INSTRUCTIONS TO FOLLOW
Beginning at the line with "Phòng 3 giường", please repeat each line exactly through the end of the records below, including that first line and the last, but no pictures.

THE DATA
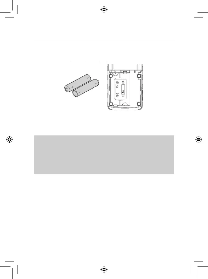 ! Install two AA batteries in the compartment as indicated by the polarity symbols (+
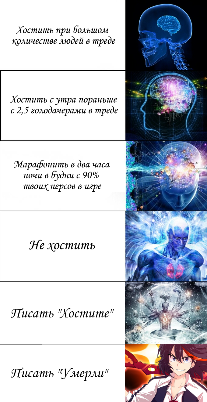 >>1541391 >Со мной ничего не надо делать, я сам с собой что нужно сделаю. Как скажешь. Ты взрослый парень, в конце концов, тебе решать. >Хорошо, что ни того, ни другого не будет. А если вдруг и будет, всё к лучшему. >Ну ты и кинул, самую грустную и эмоциональную композицию всех чаек, ты меня плакать заставить хочешь? Никакого злого умысла, просто настроение такое. Держи в следующий раз платочек под рукой. >Именно она. Кажется, запускали вместе с аниме, и кажется она уже померла. Помянем. Но это неточно. >Ага, не понимаю кто всерьез играет во все эти гачи по коносубам, оверлордам и т.д. Кстати, пробовал ради любопытства поиграть в гачу по Оверлорду - забросил через пару дней. >Я тоже пару серий посмотрел еще в онгоинге, но потом надоело ждать новые серии и я забил. Слышал, что там расширили канон и цикад, и чаек, закрыв некоторые дыры сюжета. Вот думаю посмотреть. О, если речь идёт о расширении канона и шаннона обязательно, то это уже интересно. Надеюсь, этому выделили достаточно экранного времени, а не пару туманных реплик за весь сезон. >Решил уменьшить потребление сахара, чтобы не убивать зубы. А чай без сахара я уже пить не смог, вот и перешел на кофе с молоком - вкусно, без сахара и бодрит. Предложил бы в качестве компромисса чай с молоком, но, чувствую, такое богохульство тебя не заинтересует.
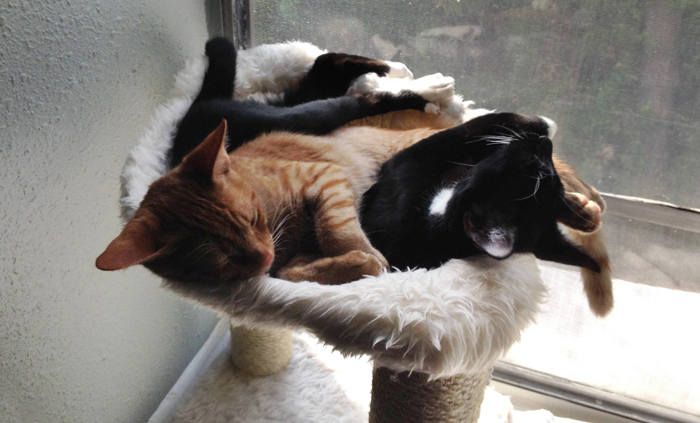 These two cute adopted brothers still share their bed together, despite no longer being kittens or even able to properly fit, now that’s love 🙂
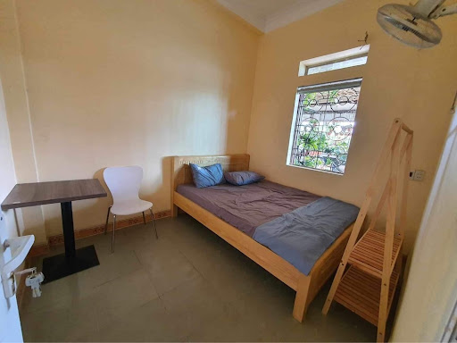Phòng 3 giường 500k/ đêm phòng rộng rãi, có ban công, tuy nhiên phòng còn thiếu đèn, không được sáng lắm. Phòng tổng thể không mới, nhưng rộng, sạch. Gối mền nệm sạch sẽ, mền nhìn tuy mỏng, nhưng đắp ấm. có bếp, bàn ghế ngồi ở bếp Nhà vệ sinh dùng chung, cùng tầng. phòng không có tivi, không tủ lạnh, không có khăn giấy. Có quạt nhưng bị kêu to, có máy lạnh, nước suối miễn phí -không thang máy. có thang bộ như hình khăn tắm và đồ vệ sinh cá nhân đầy đủ hai viên gạch trước nhà vệ sinh lầu 1 bị nhấp nhô, dễ vấp té. Vòi sen nhà tắm bị gỉ nước, nước yếu. nhà vệ sinh: thiếu khăn giấy được chị nhân viên mời ăn đặc sản Cao...
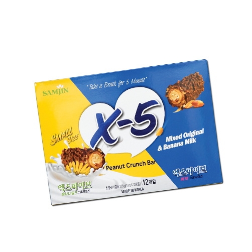 Với 2 hương vị tổng hợp và sữa và chuối, cùng lớp vỏ bánh X5 SAMJIN giòn tan sôcôla sẽ mang lại cho bạn trải nghiệm thú vị mỗi lần thưởng thức

YOUR SOLUTION
Phòng 3 giường 500k/ đêm phòng rộng rãi, có ban công, tuy nhiên phòng còn thiếu đèn, không được sáng lắm. Phòng tổng thể không mới, nhưng rộng, sạch. Gối mền nệm sạch sẽ, mền nhìn tuy mỏng, nhưng đắp ấm. có bếp, bàn ghế ngồi ở bếp Nhà vệ sinh dùng chung, cùng tầng. phòng không có tivi, không tủ lạnh, không có khăn giấy. Có quạt nhưng bị kêu to, có máy lạnh, nước suối miễn phí -không thang máy. có thang bộ như hình khăn tắm và đồ vệ sinh cá nhân đầy đủ hai viên gạch trước nhà vệ sinh lầu 1 bị nhấp nhô, dễ vấp té. Vòi sen nhà tắm bị gỉ nước, nước yếu. nhà vệ sinh: thiếu khăn giấy được chị nhân viên mời ăn đặc sản Cao...
 Với 2 hương vị tổng hợp và sữa và chuối, cùng lớp vỏ bánh X5 SAMJIN giòn tan sôcôla sẽ mang lại cho bạn trải nghiệm thú vị mỗi lần thưởng thức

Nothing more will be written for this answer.